There is one span to output from the data below: the lines starting at the line with "Пленки-заготовки для ламинирования" and ending at the line with "Rectangular Blue and". Output it exactly, ends included, nothing more.

Records provided:
Segment Open

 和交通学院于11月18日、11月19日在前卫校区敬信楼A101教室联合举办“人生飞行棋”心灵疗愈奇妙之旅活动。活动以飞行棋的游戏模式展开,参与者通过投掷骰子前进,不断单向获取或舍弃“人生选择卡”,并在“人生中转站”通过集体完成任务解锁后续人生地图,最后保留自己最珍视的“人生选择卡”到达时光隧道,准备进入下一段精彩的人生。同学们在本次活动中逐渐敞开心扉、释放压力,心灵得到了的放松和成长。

Segment Closed
Segment Open

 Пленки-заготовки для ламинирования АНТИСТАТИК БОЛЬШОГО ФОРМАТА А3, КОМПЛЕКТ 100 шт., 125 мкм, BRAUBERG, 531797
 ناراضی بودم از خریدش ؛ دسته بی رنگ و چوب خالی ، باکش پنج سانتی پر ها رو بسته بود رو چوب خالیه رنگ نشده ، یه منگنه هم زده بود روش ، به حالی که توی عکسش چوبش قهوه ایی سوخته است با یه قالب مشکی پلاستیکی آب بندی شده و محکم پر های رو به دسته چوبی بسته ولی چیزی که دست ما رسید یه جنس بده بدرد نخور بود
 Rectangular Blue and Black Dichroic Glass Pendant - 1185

Segment Closed

Answer box:
 Пленки-заготовки для ламинирования АНТИСТАТИК БОЛЬШОГО ФОРМАТА А3, КОМПЛЕКТ 100 шт., 125 мкм, BRAUBERG, 531797
 ناراضی بودم از خریدش ؛ دسته بی رنگ و چوب خالی ، باکش پنج سانتی پر ها رو بسته بود رو چوب خالیه رنگ نشده ، یه منگنه هم زده بود روش ، به حالی که توی عکسش چوبش قهوه ایی سوخته است با یه قالب مشکی پلاستیکی آب بندی شده و محکم پر های رو به دسته چوبی بسته ولی چیزی که دست ما رسید یه جنس بده بدرد نخور بود
 Rectangular Blue and Black Dichroic Glass Pendant - 1185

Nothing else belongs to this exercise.